── Extracted records

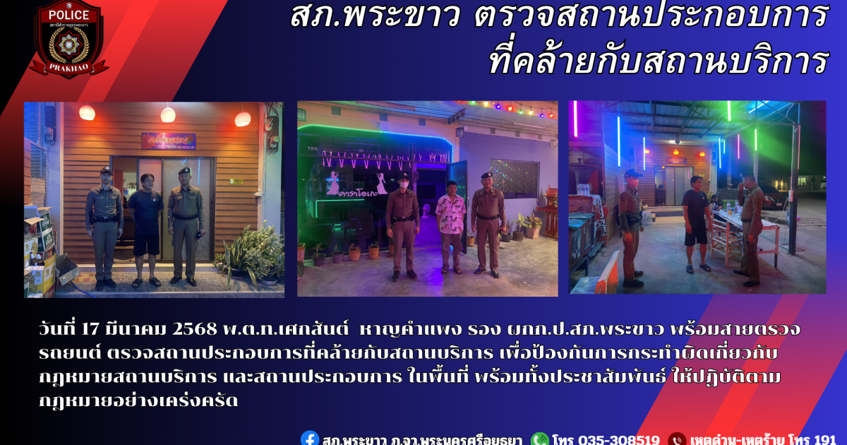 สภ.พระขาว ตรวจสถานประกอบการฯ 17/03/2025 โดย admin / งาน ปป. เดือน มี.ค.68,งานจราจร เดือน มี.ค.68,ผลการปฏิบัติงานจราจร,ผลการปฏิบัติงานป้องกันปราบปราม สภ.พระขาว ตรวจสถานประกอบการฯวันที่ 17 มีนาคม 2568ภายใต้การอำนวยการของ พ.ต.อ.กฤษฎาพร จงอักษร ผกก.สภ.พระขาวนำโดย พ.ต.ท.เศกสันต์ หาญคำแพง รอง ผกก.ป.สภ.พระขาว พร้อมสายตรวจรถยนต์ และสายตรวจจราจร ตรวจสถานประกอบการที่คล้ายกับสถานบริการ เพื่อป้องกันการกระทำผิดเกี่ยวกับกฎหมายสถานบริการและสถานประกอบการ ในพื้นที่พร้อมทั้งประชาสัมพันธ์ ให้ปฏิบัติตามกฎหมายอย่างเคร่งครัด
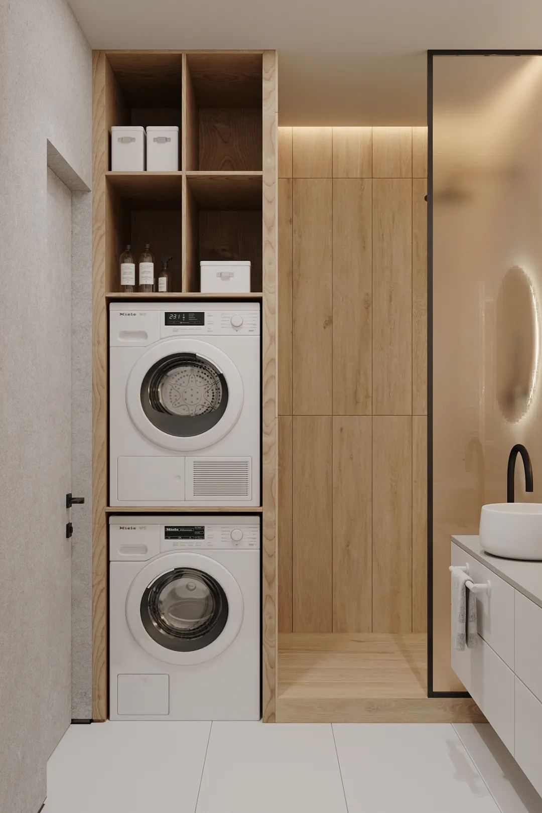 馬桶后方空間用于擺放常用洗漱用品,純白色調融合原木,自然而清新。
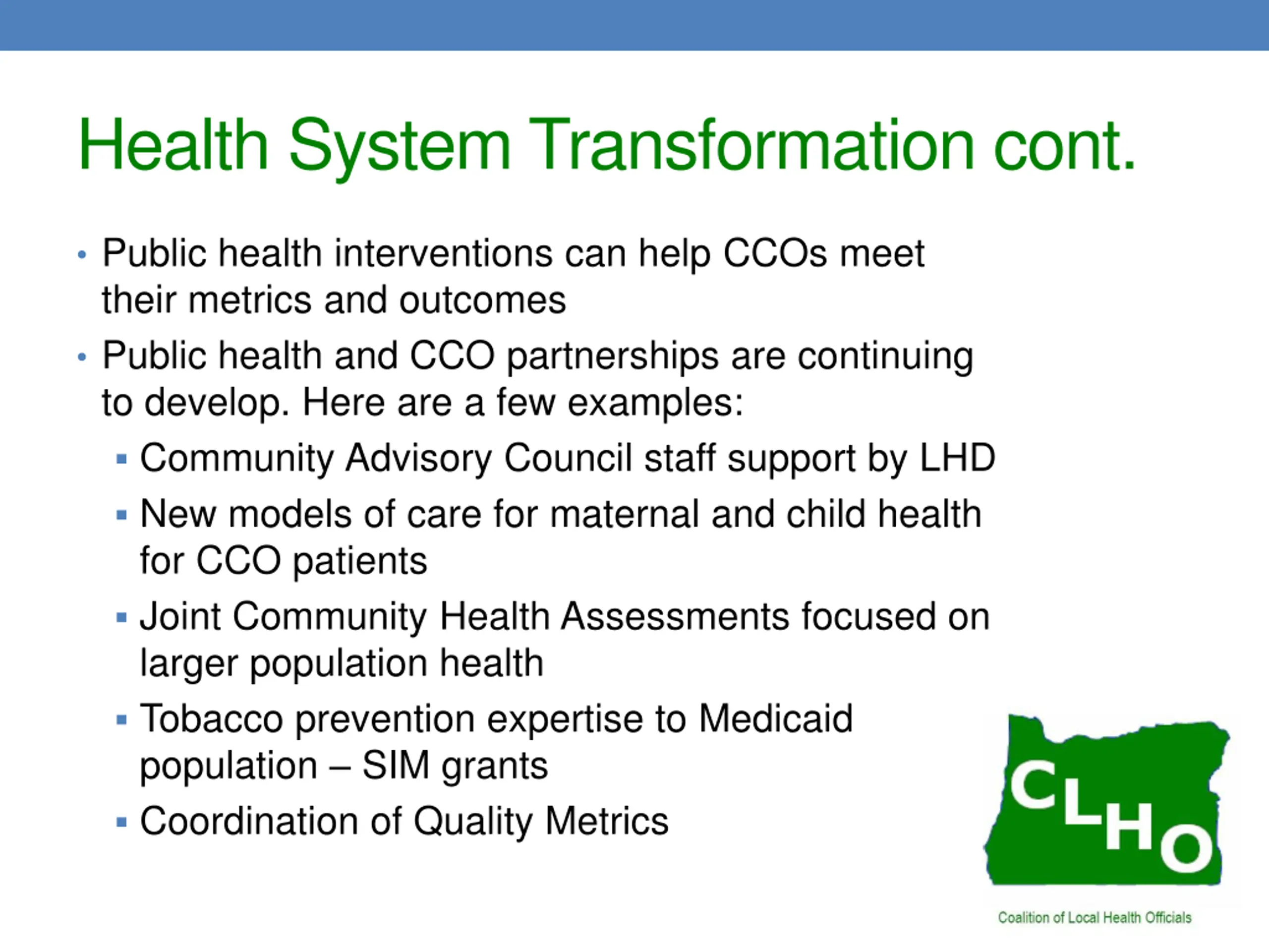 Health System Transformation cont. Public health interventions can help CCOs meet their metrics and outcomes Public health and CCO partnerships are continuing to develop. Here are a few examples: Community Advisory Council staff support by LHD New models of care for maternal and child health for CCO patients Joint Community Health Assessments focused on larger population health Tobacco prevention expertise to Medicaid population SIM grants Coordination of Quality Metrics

────
── Extracted records

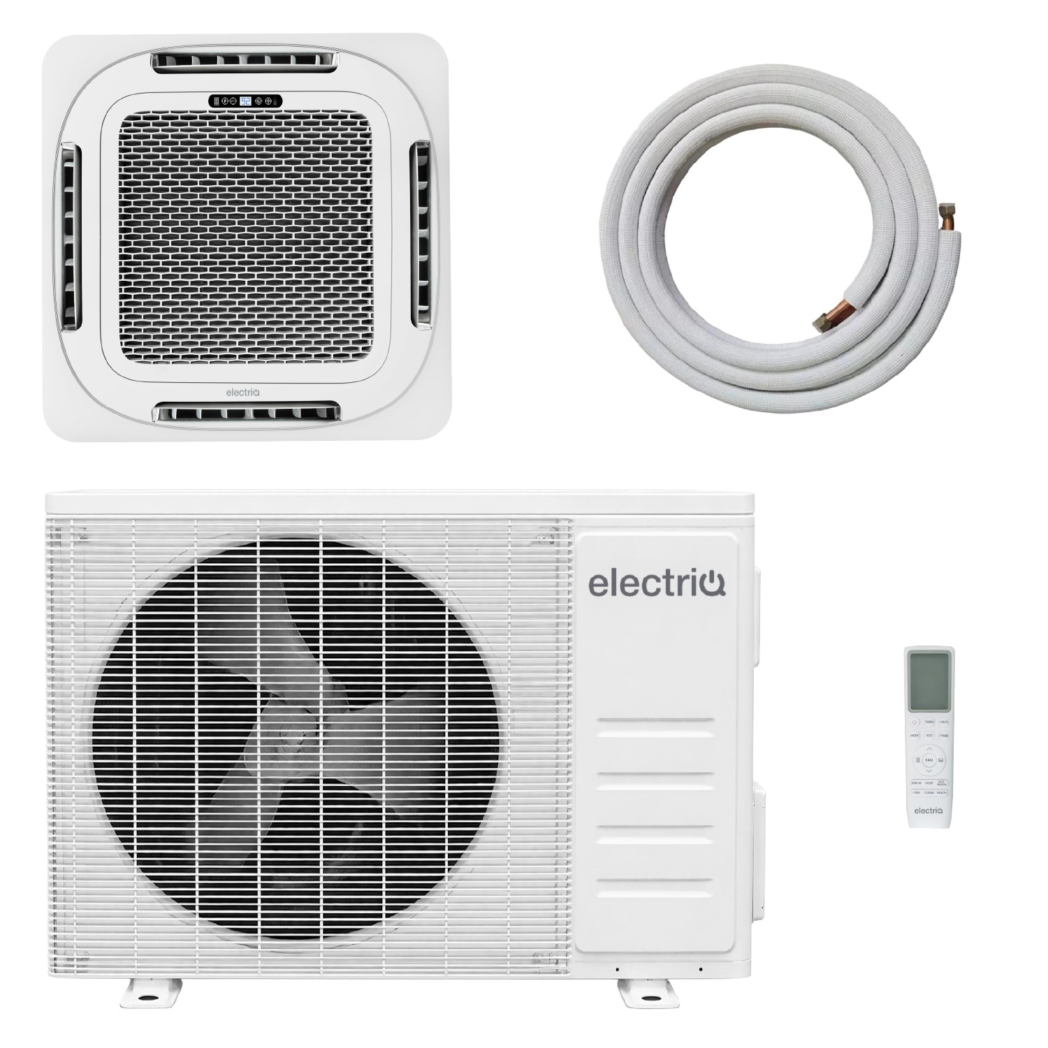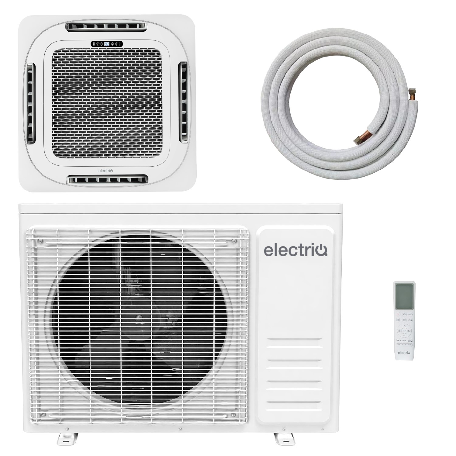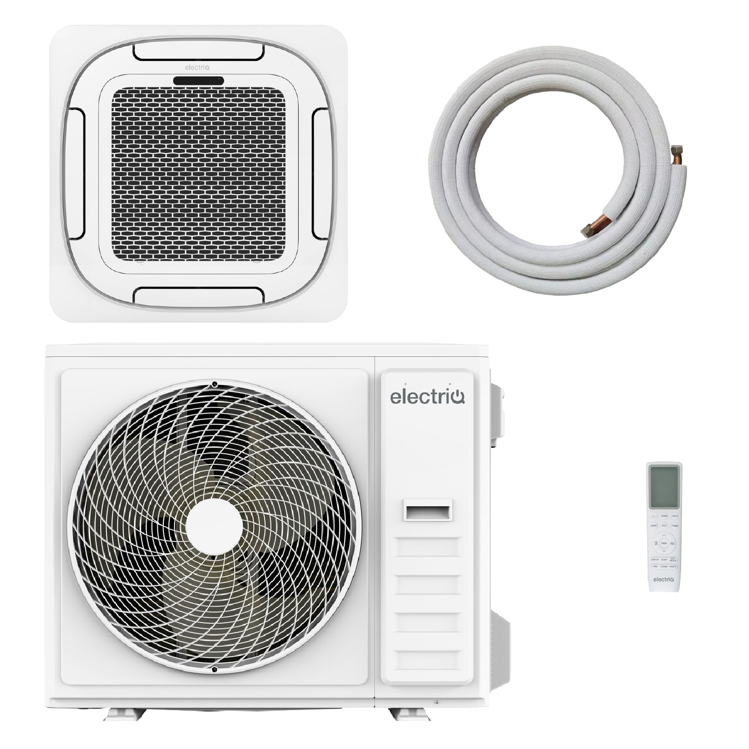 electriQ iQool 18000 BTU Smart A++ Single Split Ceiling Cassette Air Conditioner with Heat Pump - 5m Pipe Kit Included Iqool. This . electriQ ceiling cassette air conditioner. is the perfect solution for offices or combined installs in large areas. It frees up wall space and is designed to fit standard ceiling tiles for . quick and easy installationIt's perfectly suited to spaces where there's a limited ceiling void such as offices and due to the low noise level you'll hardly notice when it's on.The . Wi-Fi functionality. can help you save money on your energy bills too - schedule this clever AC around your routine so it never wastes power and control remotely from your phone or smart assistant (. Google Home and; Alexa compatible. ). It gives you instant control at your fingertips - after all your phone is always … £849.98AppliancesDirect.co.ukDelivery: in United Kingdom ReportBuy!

────

**Task statement**
A clean copy is needed of the lines in the listing above from the one with "สภ.พระขาว ตรวจสถานประกอบการฯ 17/03/2025" through the one with "Health System Transformation", exact in every word and free of pictures.

**Exercise answer**
 สภ.พระขาว ตรวจสถานประกอบการฯ 17/03/2025 โดย admin / งาน ปป. เดือน มี.ค.68,งานจราจร เดือน มี.ค.68,ผลการปฏิบัติงานจราจร,ผลการปฏิบัติงานป้องกันปราบปราม สภ.พระขาว ตรวจสถานประกอบการฯวันที่ 17 มีนาคม 2568ภายใต้การอำนวยการของ พ.ต.อ.กฤษฎาพร จงอักษร ผกก.สภ.พระขาวนำโดย พ.ต.ท.เศกสันต์ หาญคำแพง รอง ผกก.ป.สภ.พระขาว พร้อมสายตรวจรถยนต์ และสายตรวจจราจร ตรวจสถานประกอบการที่คล้ายกับสถานบริการ เพื่อป้องกันการกระทำผิดเกี่ยวกับกฎหมายสถานบริการและสถานประกอบการ ในพื้นที่พร้อมทั้งประชาสัมพันธ์ ให้ปฏิบัติตามกฎหมายอย่างเคร่งครัด
 馬桶后方空間用于擺放常用洗漱用品,純白色調融合原木,自然而清新。
 Health System Transformation cont. Public health interventions can help CCOs meet their metrics and outcomes Public health and CCO partnerships are continuing to develop. Here are a few examples: Community Advisory Council staff support by LHD New models of care for maternal and child health for CCO patients Joint Community Health Assessments focused on larger population health Tobacco prevention expertise to Medicaid population SIM grants Coordination of Quality Metrics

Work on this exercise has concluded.